═════ Exercise data ═════

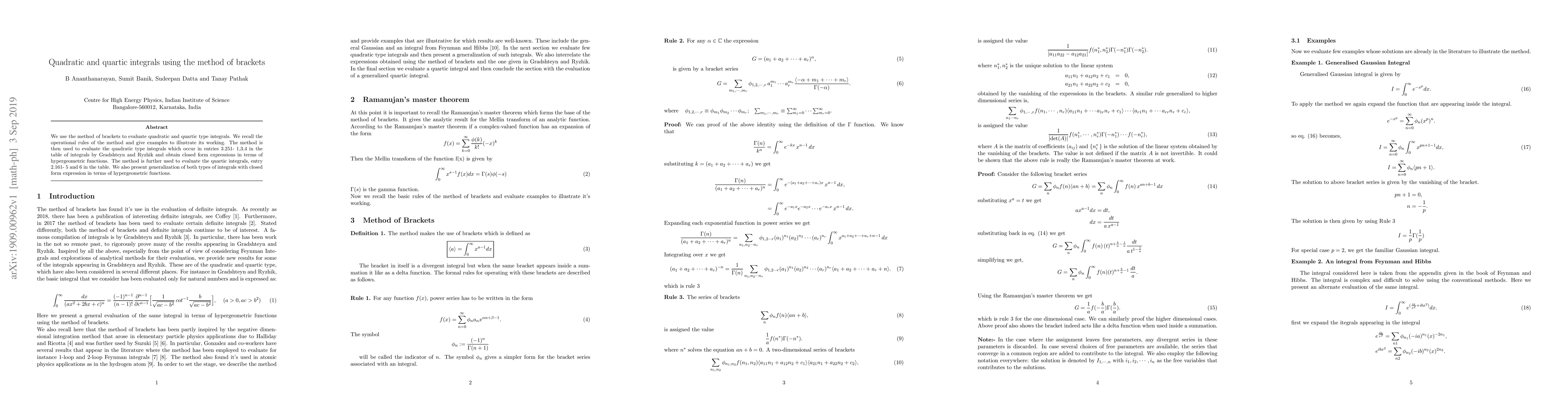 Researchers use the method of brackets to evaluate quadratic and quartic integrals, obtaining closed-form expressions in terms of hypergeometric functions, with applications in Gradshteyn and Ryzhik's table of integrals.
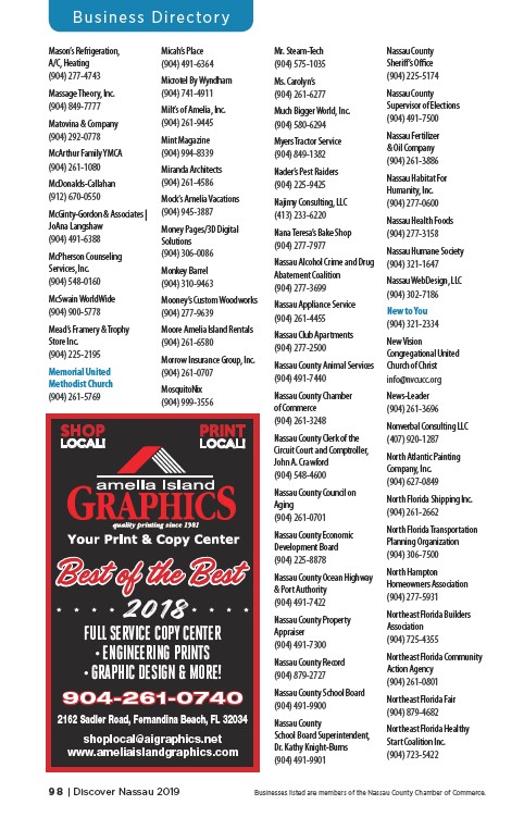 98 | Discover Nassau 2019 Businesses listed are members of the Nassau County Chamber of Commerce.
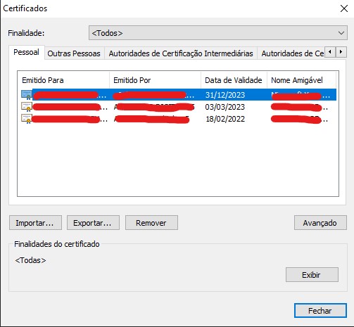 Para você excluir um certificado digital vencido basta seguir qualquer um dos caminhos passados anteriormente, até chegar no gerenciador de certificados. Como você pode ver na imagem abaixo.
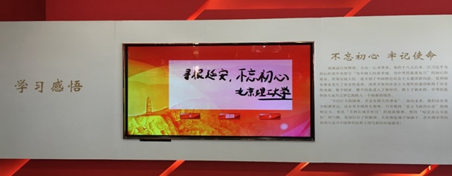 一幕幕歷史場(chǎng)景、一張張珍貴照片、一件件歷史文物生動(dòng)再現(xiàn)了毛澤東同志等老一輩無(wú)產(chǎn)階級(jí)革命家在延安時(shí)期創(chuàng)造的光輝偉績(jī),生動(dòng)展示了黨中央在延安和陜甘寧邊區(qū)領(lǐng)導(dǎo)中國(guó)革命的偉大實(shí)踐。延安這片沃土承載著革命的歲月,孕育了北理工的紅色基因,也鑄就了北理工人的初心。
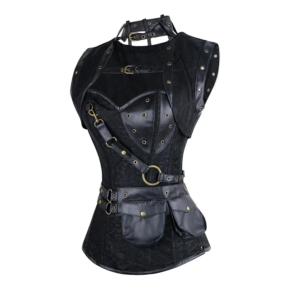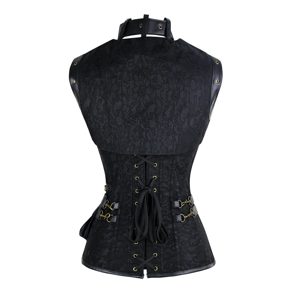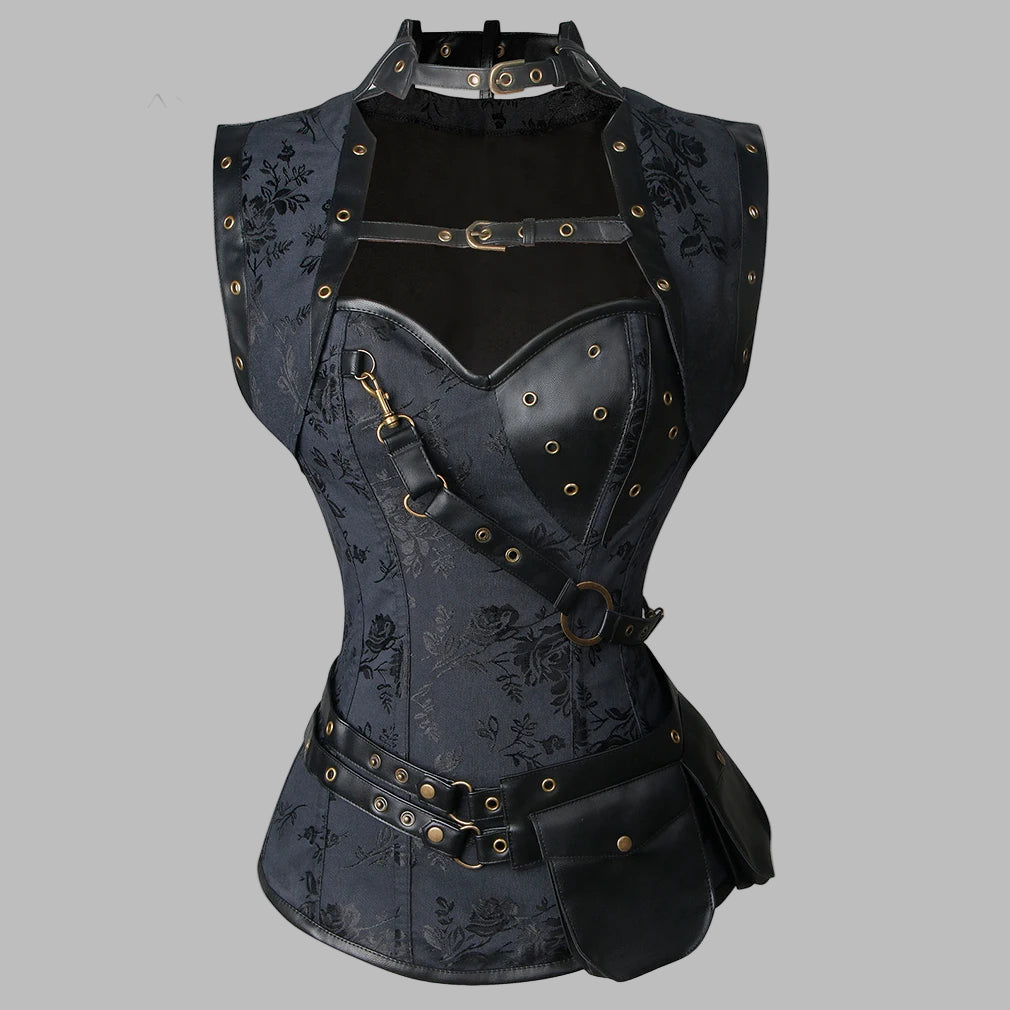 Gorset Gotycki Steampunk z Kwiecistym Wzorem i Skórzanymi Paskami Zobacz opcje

═════

» Task
Print the data above from its first line through the line that has "Para você excluir", exactly and with nothing else, omitting pictures.

» Your solution
 Researchers use the method of brackets to evaluate quadratic and quartic integrals, obtaining closed-form expressions in terms of hypergeometric functions, with applications in Gradshteyn and Ryzhik's table of integrals.
 98 | Discover Nassau 2019 Businesses listed are members of the Nassau County Chamber of Commerce.
 Para você excluir um certificado digital vencido basta seguir qualquer um dos caminhos passados anteriormente, até chegar no gerenciador de certificados. Como você pode ver na imagem abaixo.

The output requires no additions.